One answer might be to nationalise the lot – and of course its’s quite on the cards that’ll end up happening anyway.
If foreign governments choose to underwrite deposits made in foreign banks, that’s OK by me; but I don’t see why our taxpayers should bale out punters who shop around for high interest rates.
Not any more anyway.
Most of my spare cash’s in National Savings, but I’m not above doing a little punting myself – "When the streets of Paris are running with blood, I buy," and all that.
But if I get it wrong, surely that’s my pigeon?
If you're right to say "UK national (not government) debt as a proportion of GDP is one of the lowest in the G8, the EU, etc." how come the pound has lost so much of its value against the dollar and the Euro?
Brian writes: Presumably because the hysterical halfwits, some of whom make a lot of money gambling on future currency movements at our expense, think: that UK interest rates are going to come down more sharply than elsewhere, that the UK economy is going into a deeper and longer recession than other countries', that because we have a Labour government its measures to minimise the effects of the recession might hit the rich harder than those taken by more right-wing governments elsewhere (if only!), that we are in for a nastier winter than countries further south, that the UK economy has become more sharply over-reliant on the financial sector (which is the sector most severely damaged by the current crisis) than other countries — since the UK's manufacturing sector was destroyed by Mrs T (as she then was) and Sir G Howe (as he then was)… and no doubt because of other gut feelings, instincts, perusals of daft articles in the Daily Telegraph and the Daily Mail, examinations of tea-leaves and positions of the planets, and so forth.
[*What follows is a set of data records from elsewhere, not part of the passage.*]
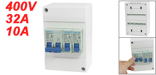 Product Name Circuit Breaker Model DZ47-63 Pole Type 4P=2P32A+1P10A+1P10A Rated Voltage 400V Rated Circuit Breaking Capacity 3000A Rated Current 32A ; 10A Total Size (Approx.) 13 x 8.8 x 8cm / 5.1" x 3.5" x 3.1"(L * W* H) Material Plastic, Electronic Components Color As Picture Shown Weight 425g Package Content 1 x Circuit Breaker - Reviews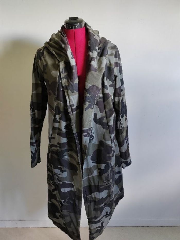 Effet déchiré Peu porté À czpuche Matière extensible Ne se ferme pas Largeur à plat sous les aisselles environ 51 cm Longueur 92 cm Poches sur les côtés #geliscyrilletailleunique #geliscyrilletailleM #geliscyrilletailleL #geliscyrilletailleXL #geliscyrilletailleS #geliscyrilletaille36 #geliscyrilletaille38 #geliscyrilletaille40 #geliscyrilletaille42 Refcaisse16bis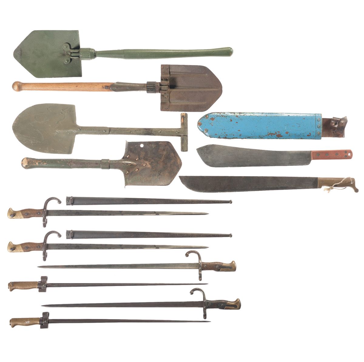 1 machete marked "True Temper/1945" and "U.S." with 1 broken grip, 1 machete marked "S&J Kitchin. LTD/Sheffield/No. 2640" and "1952" with fiberglass scabbard, two spike bayonets and 4 French model 1874 sword bayonets with 2 sheaths. 1 entrenching shovel marked 1940, 1 folding Swiss entrenching shovel, 1 U.S. marked entrenching shovel and 1 folding entrenching shovel.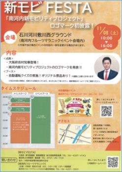 秋晴れの11月8日(土)に石川河川敷川西グラウンドで開催された「新モビFESTA」の中で、ロゴ発表があり、本学デザイン学科3年生の堀江志歩さんの作品が選ばれて出席しました。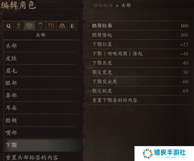 9、下颚:腮帮轮廓100、腮帮隆起100、下颚位置-25、下颚(咽喉周围)隆起-10、下预长度40、颚尖宽度30、下预突出度60、颚尖锐度69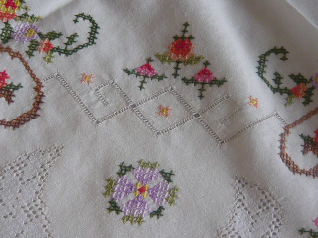 Now this is what I call a pretty vintage table cloth, this is just sooo pretty and simply oozes floral charm, embroidered in pinks, lilacs and yellows,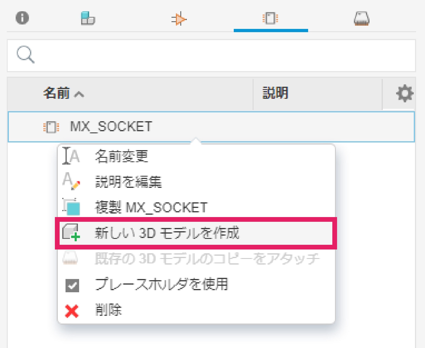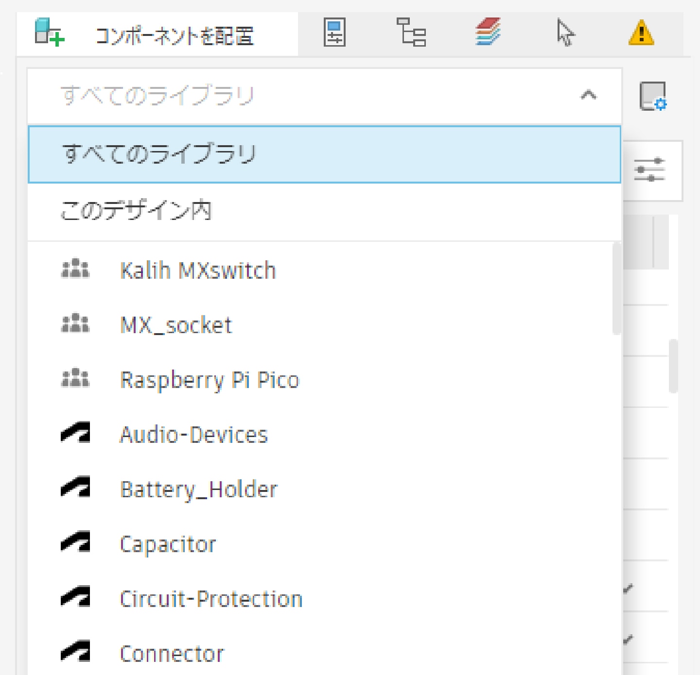 基板設計に使用するコンポーネントを管理する場所。
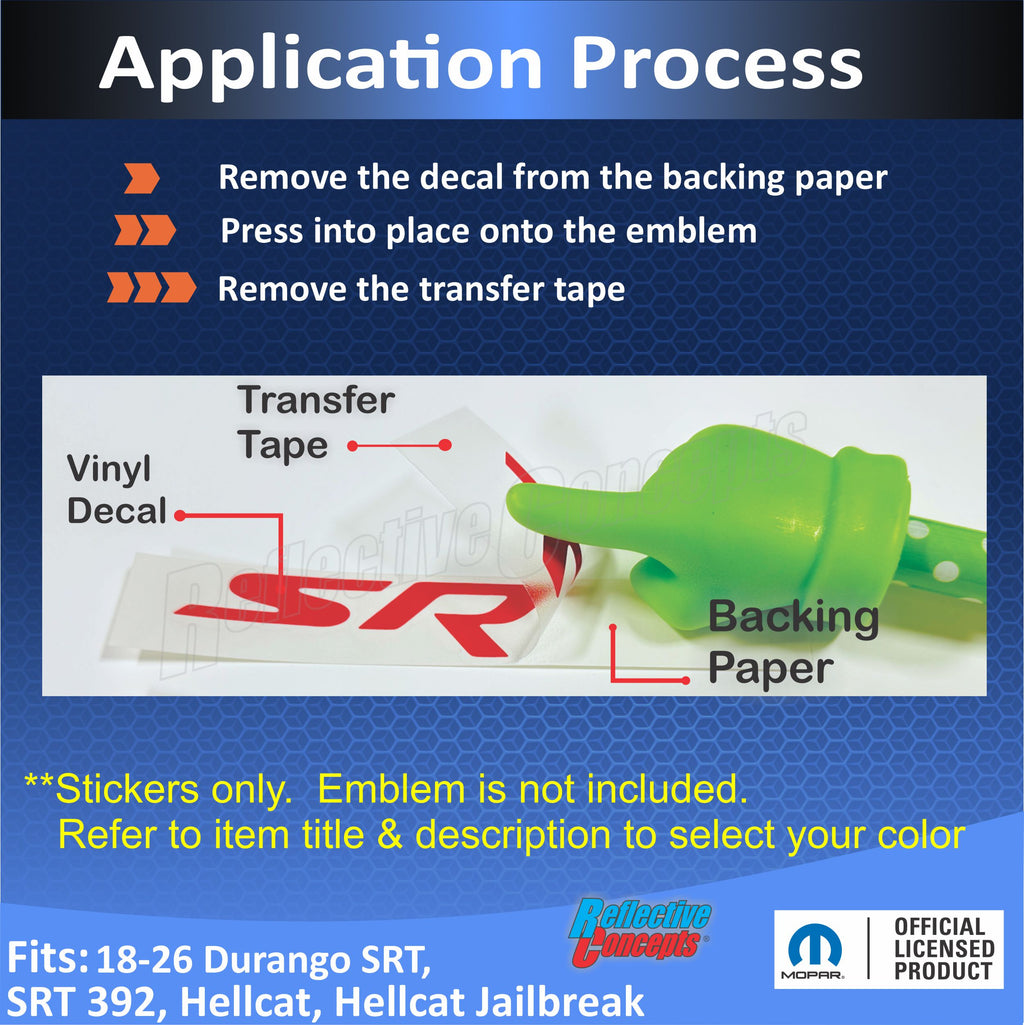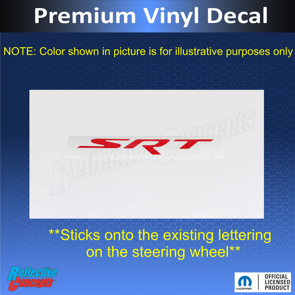 Vinyl decal sized to stick onto the face of the chrome SRT lettering on the steering wheel.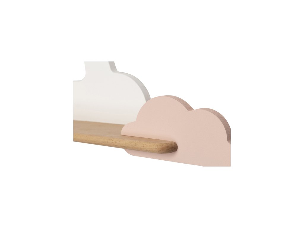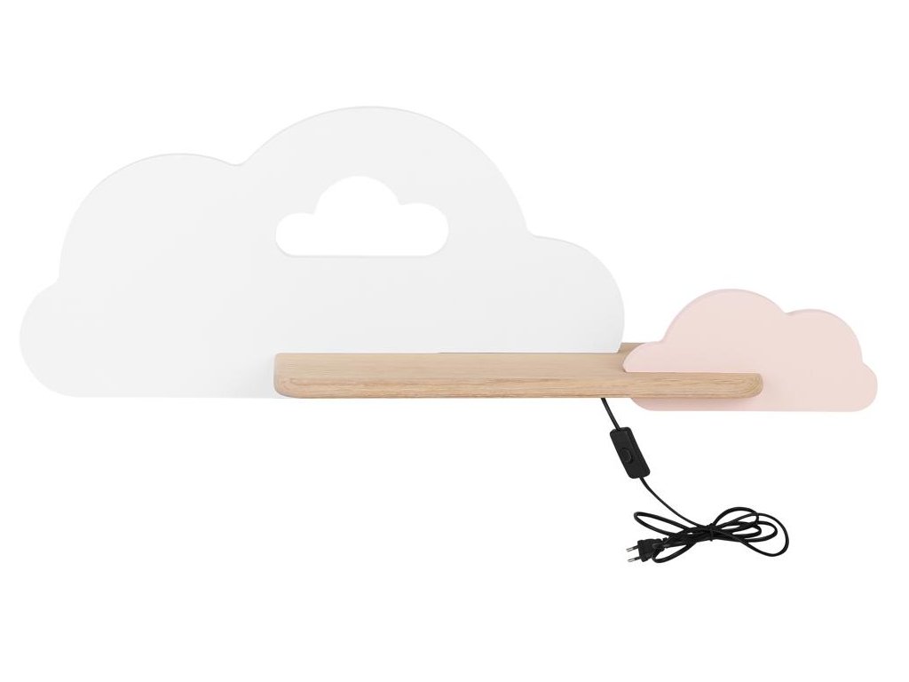 Nástenné svietidlo je vyrobené z dreva s motívom mrakov bielo-ružovej farby, ktoré je doplnené o napájací kábel so spínačom.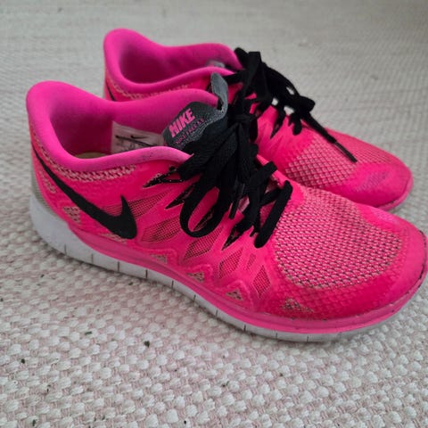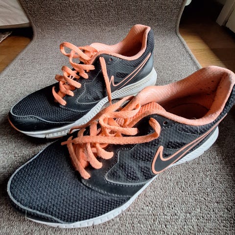 Nike juoksukengät, koko 38. Violetti päällinen, vaaleanpunaisia yksityiskohtia ja valkoinen Nike-logo sivuilla. Nauhakiinnitys ja hengittävä verkkomainen päällismateriaali. Pohjassa monivärinen kumipohja, jossa kuvioitu pinta juoksuun ja muuhun liikuntaan. Sopivat juoksuun ja yleiseen harjoitteluun.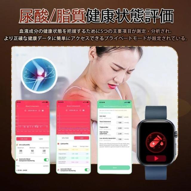 ●24H管理:体組成分析、マイクロ検診機能、HRV検査、情緒検査、疲労度検査、血液成分測定(尿酸血脂機能)、体組成、体脂質、血中酸素モニタリング、血圧モニタリング、BMI測定、心拍数モニタリング、体温、睡眠などの測定機能付き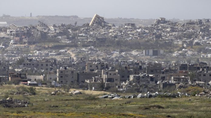 A view over ruined buildings in the northern Gaza Strip as seen from a position on the Israeli side of the border on April 2, southern Israel. Defense Minister Israel Katz has said Israel will “capture extensive territory” to be added to “buffer zones” in the Gaza Strip after the military expanded its ground assault.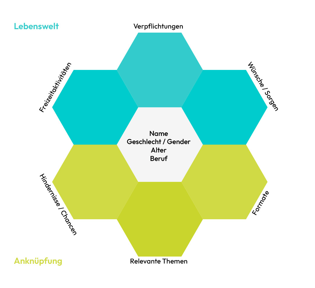 Da Sie eine Kernzielgruppe entwickelt haben, empfiehlt sich, insbesondere für diese, den Prozess so barrierefrei wie möglich zu gestalten. Das ist die Nutzer*innengruppe, die Sie ins Zentrum Ihrer Aufmerksamkeit rücken!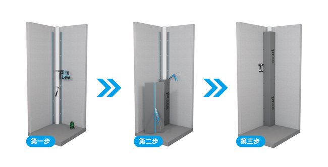 第1步:将杰爱板内衬条粘接在墙面,用带有8mm钻头的电锤及锚固件将内衬条固定在墙面。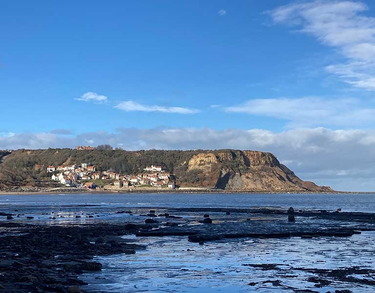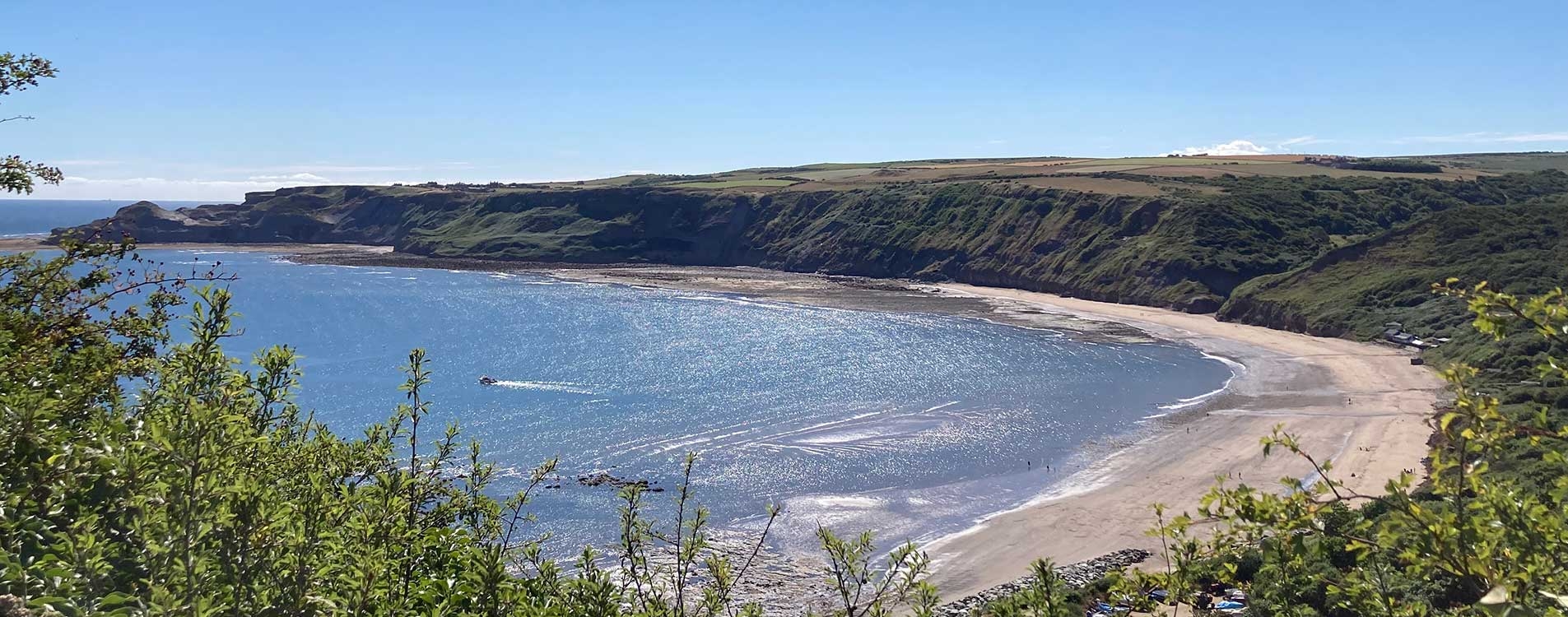 Located just north of Whitby, between Sandsend and Staithes, Runswick Bay is a jewel of the Yorkshire Coast - a huddle of picturesque old cottages clustered at one end of the majestic sandy bay, sweeping round to the rocky grandeur of Kettleness.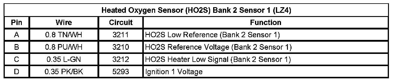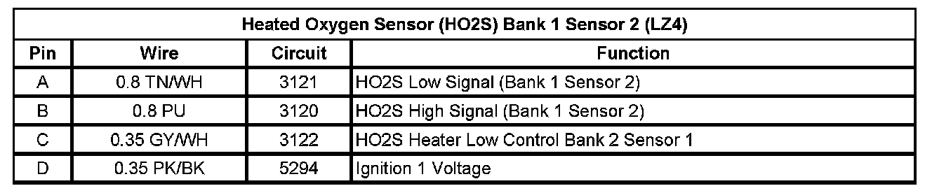 Heated Oxygen Sensor (HO2S) Bank 2 Sensor 1 (LZ4)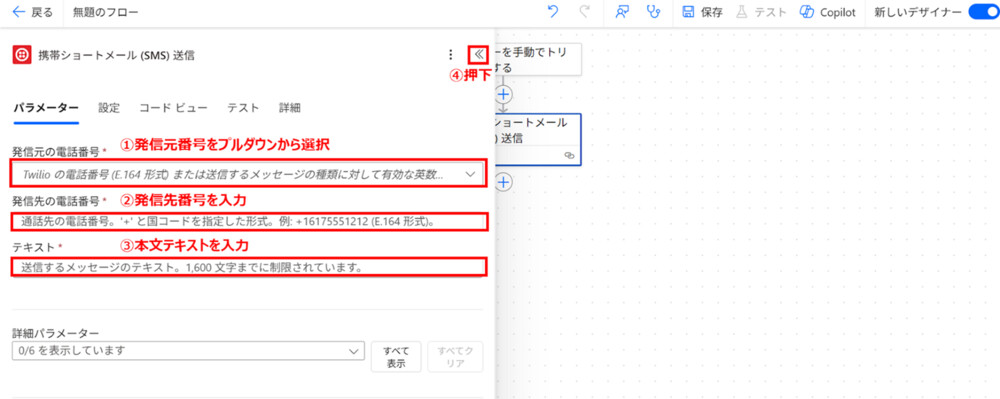 6.発信元の番号は、プルダウンから+1から始まる米国の電話番号を選択してください。発信先の電話番号は、+81から始まる形式で入力します(例:+818012345678)。テキスト欄には、送信するSMS本文の内容を入力してください。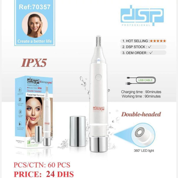 ماشین اصلاح صورت دی اس پی مدل 70357، دستگاهی دوکاره با قابلیتهای حذف موهای صورت و موزن سبیل است. با توان 3 وات و باتری لیتیوم-یون، این دستگاه ضد آب (IPX5) است و دارای پورت شارژ Type-C برای شارژ سریع میباشد. زمان شارژ و استفاده هر کدام 90 دقیقه است. به همراه دستگاه، برس، کابل Type-C و دفترچه راهنما ارائه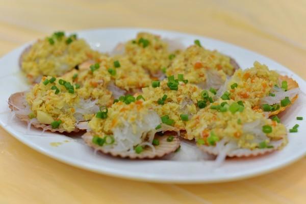蒜蓉粉丝蒸扇贝,肉质结实的一块块,跟那些冰冻的完全不同,吃在口里好幸福。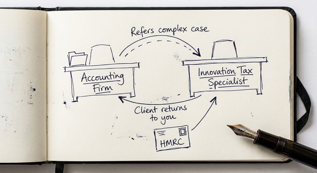 Most accounting firms will encounter at least one innovation tax problem each year that sits beyond their in-house capability. An HMRC enquiry into a significant R&D claim, a SEIS structure with connected persons complications, a Patent Box computation for a manufacturing group, an EMI scheme where disqualifying events have occurred. In those cases, the best outcome for everyone (the firm, the client, and the adviser) comes from referring the work to a specialist. Here is how innovation tax referral arrangements work in practice.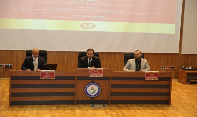 Panelde son olarak söz alan üniversite öğretim üyelerinden Dr. Öğretim Üyesi Mustafa Burak Çelebi de, “Milli İrade-Vesayet Tartışmaları Ekseninde Türkiye’nin 100. Yıllık Demokrasi Serüveni” başlıklı bir sunum yaptı. Panel, soru-cevap bölümünün ardından Güzel Sanatlar Fakültesi Resim Bölümü öğretim görevlileri ve öğrencilerinin hazırladığı resim sergisinin gezilmesi ile sona erdi.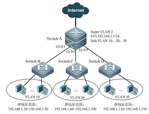 VLAN内的各个Sub VLAN之间是二层隔离的,即Sub VLAN内的用户之间不能通信;如果Super VLAN配置了SVI,通过Super VLAN的网关作为ARP代理,同一Super

And these buffoons with their panics and fads and greed have the power to wreck the lives of perfectly innocent, rational people. Borrowing as a percentage of GDP hardly comes into it.
I'm going to be away for the next couple of weeks or so, so I'm afraid I shan't be responding to blog comments for a bit.
Very eloquently put.
But I can’t help thinking that quite a few hard-nosed professionals are getting out of sterling because they think that for various reasons – including borrowing as a percentage of GDP – Mr Brown and Co will be less able to cope with whatever may be coming than are many other economies.